There were other financial details, of course, including an increase in deductibles for health coverage, reductions in tuition reimbursement and a change to reimbursing teachers for only one graduate program.

But I think anyone would say that, given the financial condition at the time, this was a generous contract.

At the risk of alienating all the Geneva teachers I know, I suggest that now it’s time to pay the piper, to acknowledge the continued hard financial times and not only accept but actively promote a one-year freeze. Just one year! See where things stand next year! (I know at least a few Geneva schoolteachers who completely agree with me, too.) I’m not interested in an argument over how hard teachers work, that they take work home and give up weekends grading papers. I’m not interested in the counter-argument that teachers work for nine months out of the year and have two weeks at Christmas, a week off in the spring and countless days off here and there. That’s a conversation for another day.
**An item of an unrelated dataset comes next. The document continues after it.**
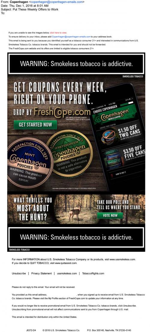 recipient is directed to the brand website to sign up. This version of the email features their mint and wintergreen products. Also links to a

There are many details that go into a contract, and negotiations are done behind closed doors. It’s possible teachers already have proposed this. It’s possible they have not, and that they’re uninterested in seeing salaries remain the same. 

But support staff pay has been frozen, administrator pay has been frozen. It’s the teachers’ turn. It would engender a boatload of good will.

Kindergarten Enrollment Bubble

Two weeks ago, the board tabled an agenda item on a staff recommendation to and staff to Mill Creek and Williamsburg schools, because anticipated class sizes of 27 and 28 at Mill Creek and 26, 26 and 25 at Williamsburg. Officials anticipated those numbers would continue to increase as summer moves toward the beginning of school.

Board members said they wanted to review the entire situation and consider alternatives, including busing students to other schools where enrollment is lower. And board members also said it’s time to look at boundary lines to see if adjustments are needed. That of course raised the question of whether–if boundary changes are coming next year–should students be disrupted THIS year and then perhaps again NEXT year.

Parents spoke in favor of adding sections and teachers. And the issue has prompted a lot of online debate, including 85 comments on Rick Nagel’s story of June 25. Then, on June 29, there was an additional story of an enrollment bubble existing in Fabyan Elementary’s first grade, with parents receiving letters asking for volunteers to bus their children to Mill Creek or Western.

My initial reaction? Save the money and bus the little darlings to a different school. Everyone is tired of taxes. If we can save the equivalent of one entire teacher (two half-day sessions), well, do it. 

But in the back of my mind I was remembering my own little darlings, many, many years past kindergarten. I remember being very far from pleased at the 31 kids in my oldest daughter’s kindergarten class, and attending a school board meeting to lend support to expanding those four sections into five for first grade. (This was granted, but we all got a lecture about supporting the district the next time a referendum was proposed.)

And I remember boundary changes that proposed our kids change schools, and being very happy when they stayed at Harrison.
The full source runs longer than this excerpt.